- Redbridge electoral division boundaries
- District: London Borough of Redbridge
- Population: 244,800 (1969 estimate)
- Electorate: 174,419 (1964); 173,086 (1967); 183,054 (1970);
- Area: 13,954 acres (56.47 km^{2})

Former electoral division
- Created: 1965
- Abolished: 1973
- Member(s): 3
- Replaced by: Ilford North, Ilford South and Wanstead and Woodford

= Redbridge (electoral division) =

Electoral division in Greater London, 1965–1973

Redbridge was an electoral division for the purposes of elections to the Greater London Council. The constituency elected three councillors for a three-year term in 1964, 1967 and 1970.

==History==
It was planned to use the same boundaries as the Westminster Parliament constituencies for election of councillors to the Greater London Council (GLC), as had been the practice for elections to the predecessor London County Council, but those that existed in 1965 crossed the Greater London boundary.

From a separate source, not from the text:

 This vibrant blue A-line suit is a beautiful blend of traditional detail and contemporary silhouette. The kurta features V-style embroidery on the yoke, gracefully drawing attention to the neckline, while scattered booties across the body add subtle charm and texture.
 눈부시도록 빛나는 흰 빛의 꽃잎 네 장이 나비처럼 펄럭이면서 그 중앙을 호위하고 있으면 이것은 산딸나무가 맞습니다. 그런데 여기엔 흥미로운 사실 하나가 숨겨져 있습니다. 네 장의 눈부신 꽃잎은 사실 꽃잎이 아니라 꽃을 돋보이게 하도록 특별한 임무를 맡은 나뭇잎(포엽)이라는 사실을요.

Until new constituencies could be settled, the 32 London boroughs were used as electoral areas which therefore created a constituency called Redbridge.

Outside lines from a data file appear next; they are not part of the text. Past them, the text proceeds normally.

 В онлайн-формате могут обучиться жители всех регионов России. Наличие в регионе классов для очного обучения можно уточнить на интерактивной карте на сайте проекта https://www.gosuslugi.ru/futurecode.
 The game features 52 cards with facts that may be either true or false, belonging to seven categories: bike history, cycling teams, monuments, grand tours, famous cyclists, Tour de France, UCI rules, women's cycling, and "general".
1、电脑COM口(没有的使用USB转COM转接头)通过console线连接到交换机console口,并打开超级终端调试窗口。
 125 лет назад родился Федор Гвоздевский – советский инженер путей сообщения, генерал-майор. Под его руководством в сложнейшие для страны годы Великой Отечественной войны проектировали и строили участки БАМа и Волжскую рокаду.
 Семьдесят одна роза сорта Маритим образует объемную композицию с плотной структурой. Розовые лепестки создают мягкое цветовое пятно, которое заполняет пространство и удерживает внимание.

The electoral division was replaced from 1973 by the single-member electoral divisions of Ilford North, Ilford South and Wanstead and Woodford.

==Elections==
The Redbridge constituency was used for the Greater London Council elections in 1964, 1967 and 1970. Three councillors were elected at each election using first-past-the-post voting.

===1964 election===
The first election was held on 9 April 1964, a year before the council came into its powers. The electorate was 174,419 and three Conservative Party councillors were elected. With 83,548 people voting, the turnout was 47.9%. The councillors were elected for a three-year term.

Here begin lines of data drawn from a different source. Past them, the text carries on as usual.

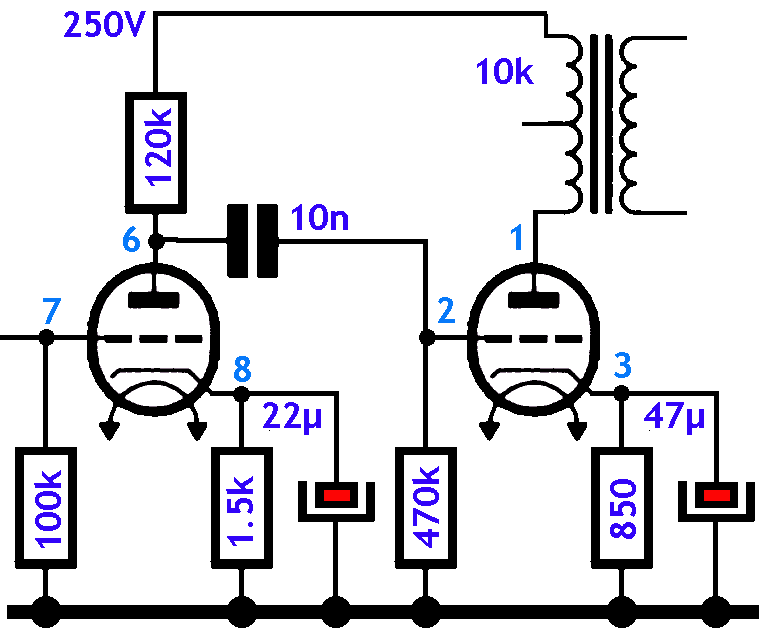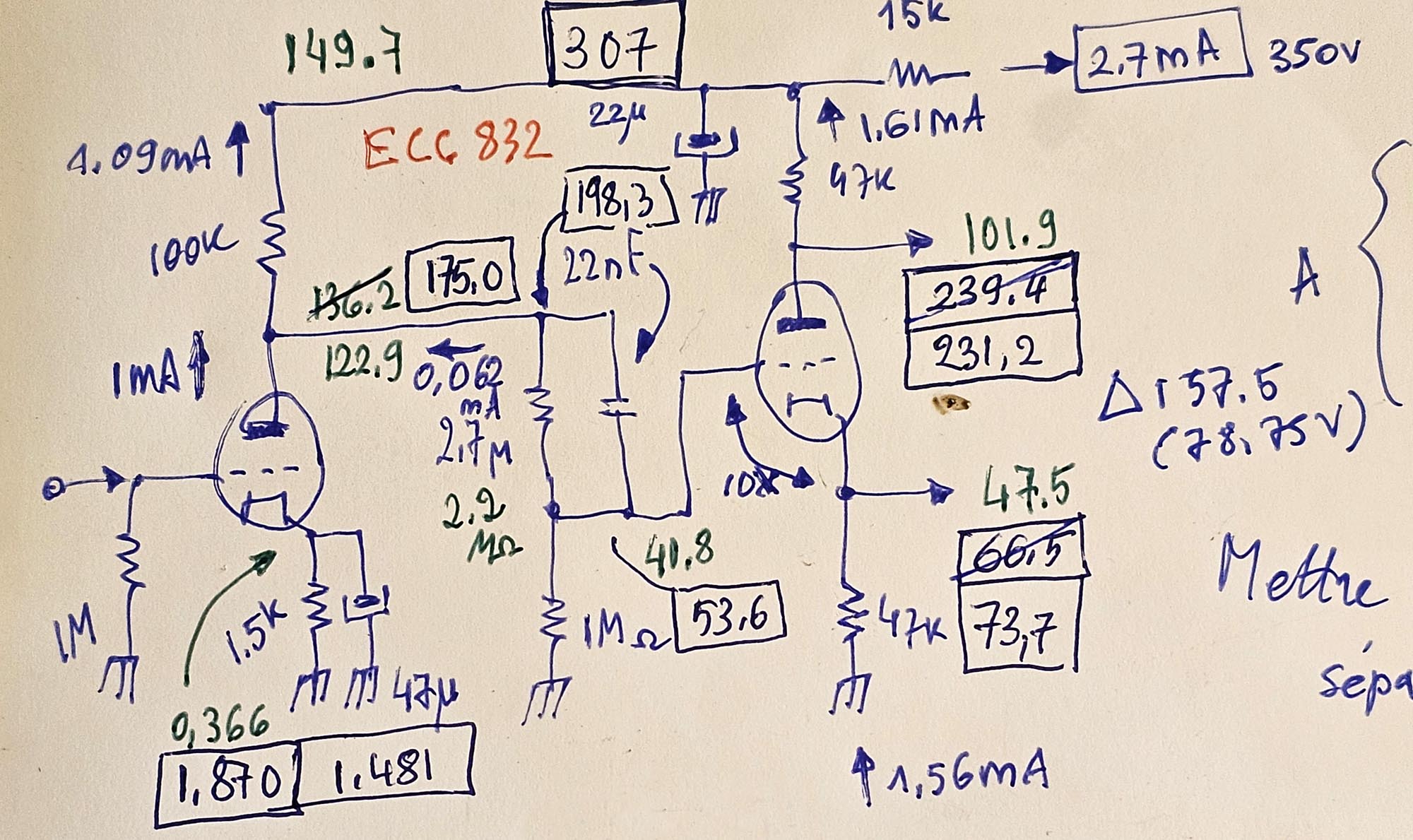 On peut ainsi réaliser un ampli stéréo avec deux lampes. Il faut une haute tension de 250V 25mA maximum. La haute tension doit être filtrée par un électrochimique de 220µF ou plus car un ampli asymmétrique (single ended) ne réduit pas le ronflement de secteur. Un transformateur audio avec une impédance de 10kΩ est difficile à trouver, mais on peut utiliser un petit transformateur d'alimentation de 115 + 115V vers 6V (3 ou 5VA). Le courant permanent dans le primaire est trop faible pour saturer le fer. Si le gain est trop élevé on peut brancher la résistance de 120kΩ au point médian du transfo (s'il a une telle connection). Si le son est trop criard on peut monter un petit condensateur de 47pF entre les deux anodes. C'est une forme de contre réaction de Schade mais qui n'agit que pour les fréquences les plus élevées. Montage standard d'une ECC832Et n'oublions pas le montage standard: un petit montage préampli et déphaseur pour lequel ce tube est normalement destiné. Le premier schéma a été dessiné pendant les tests du circuit pendant que j'optimalise les valeurs des composants. Le meilleur réglage est celui où la tension entre anode et cathode est un peu plus du double de la tension sur la résistance anodique ou cathodique.La tension de sortie mesurée sur l'anode de la seconde triode est de 126Vtt (42Vrms) avec une tension d'alimentation de 307V. La tension à l'entrée est de 900mV, ce qui nous donne un taux d'amplification de 47× comparable à celui d'un ampli avec ECC83.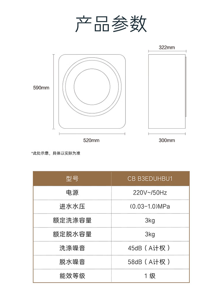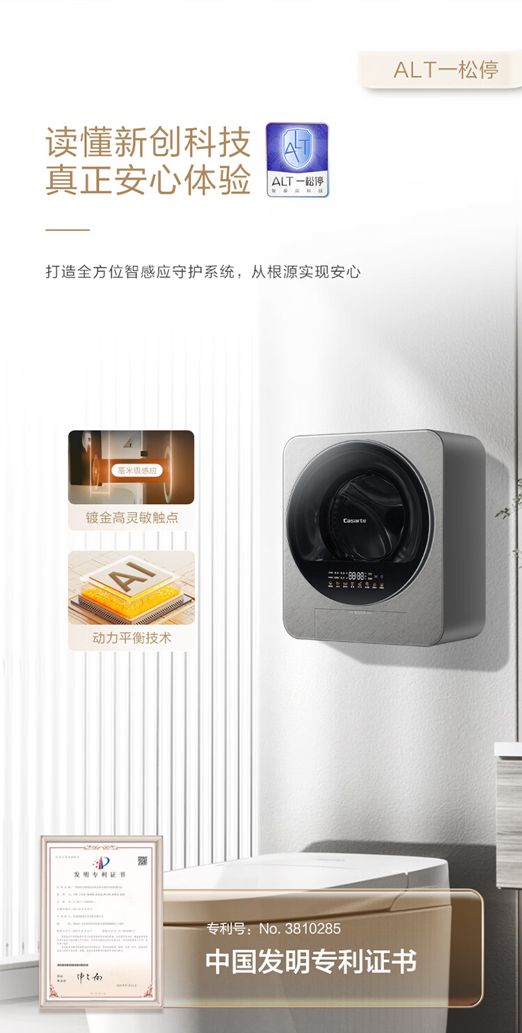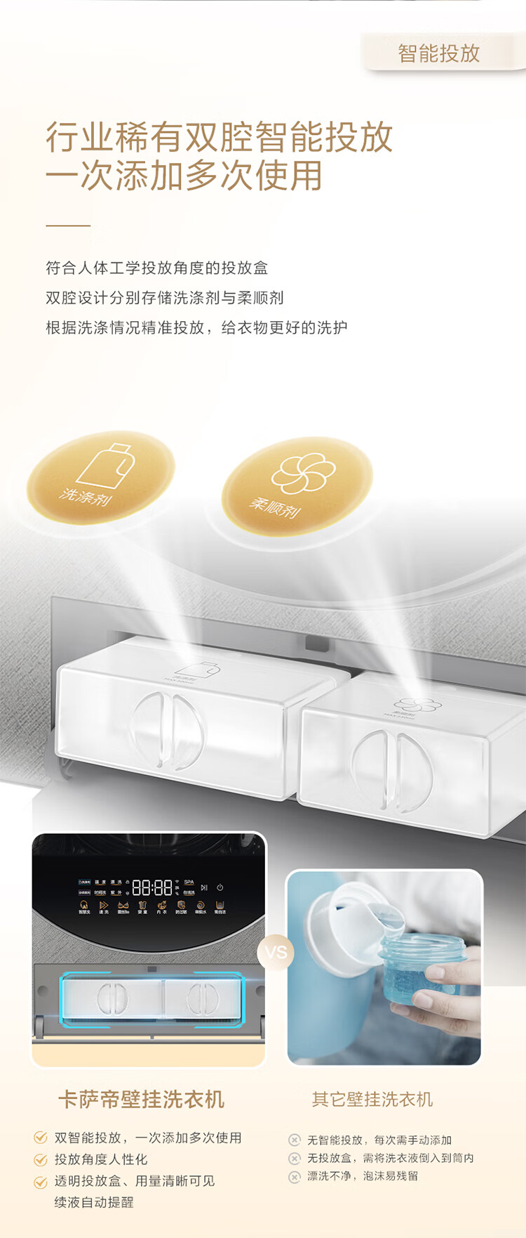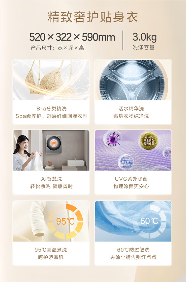 卡萨帝(Casarte)设计师迷你壁挂洗衣机3KG精华洗智能投放滚筒洗衣机全自动 儿童内衣洗衣机 紫外除菌 高温煮洗 灰色B3EDUHBU1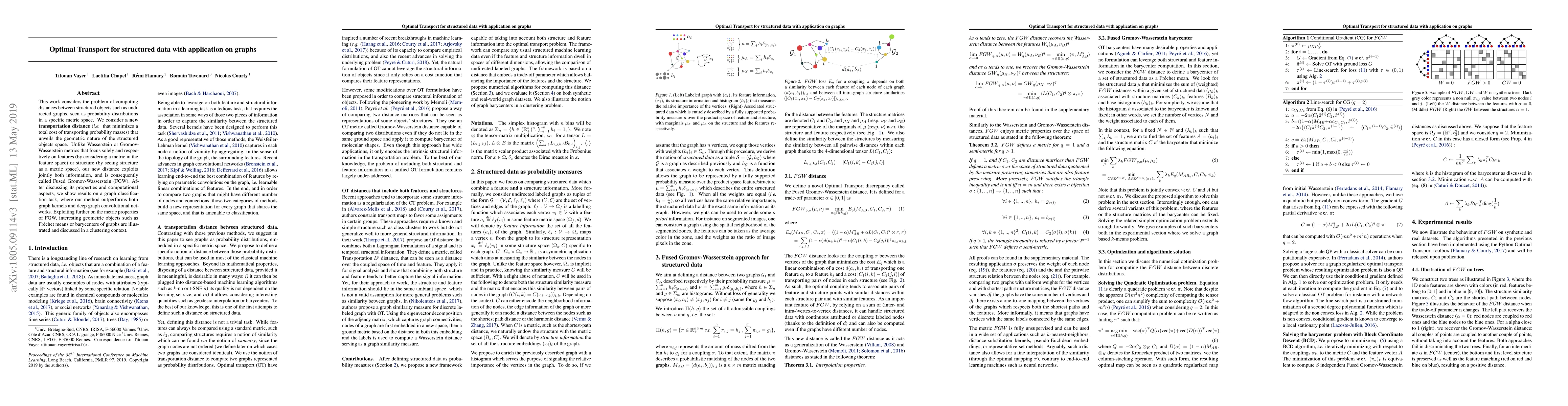 This paper introduces a new Fused Gromov-Wasserstein (FGW) distance for computing distances between undirected graphs, combining both feature and structural information. The method outperforms existing graph classification techniques and is applied to compute geometric objects like Fr\'echet means for clustering.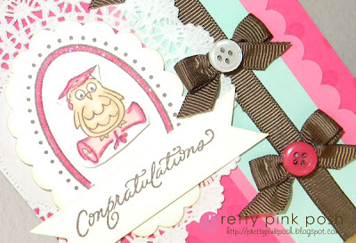 I had originally thought that I was going to do a purses and shoes card, but I saw the Graduation Owl in the drawer and couldn’t help but use it. This stamp is great for both girls and boys- however, it’s always more fun to make cards girlie!

1964 Greater London Council election: Redbridge
| Party |  | Candidate | Votes | % | ±% |
|---|---|---|---|---|---|
|  | Conservative | Robert Mitchell | 37,601 |  |  |
|  | Conservative | Francis Herbert James | 36,785 |  |  |
|  | Conservative | Anne Sylvia Terry | 36,259 |  |  |
|  | Labour | L. Fallaize | 24,463 |  |  |
|  | Labour | A. F. J. Chorley | 23,205 |  |  |
|  | Labour | A. E. O'Connor | 22,440 |  |  |
|  | Liberal | G. S. Bellamy | 17,901 |  |  |
|  | Liberal | K. H. N. Ives | 17,622 |  |  |
|  | Liberal | D. F. Murphy | 17,487 |  |  |
|  | Communist | P. J. Devine | 3,885 |  |  |
| Turnout |  |  |  |  |  |
|  | Conservative win (new seat) |  |  |  |  |
|  | Conservative win (new seat) |  |  |  |  |
|  | Conservative win (new seat) |  |  |  |  |

===1967 election===
The second election was held on 13 April 1967. The electorate was 173,086 and three Conservative Party councillors were elected. With 72,880 people voting, the turnout was 42.1%. The councillors were elected for a three-year term.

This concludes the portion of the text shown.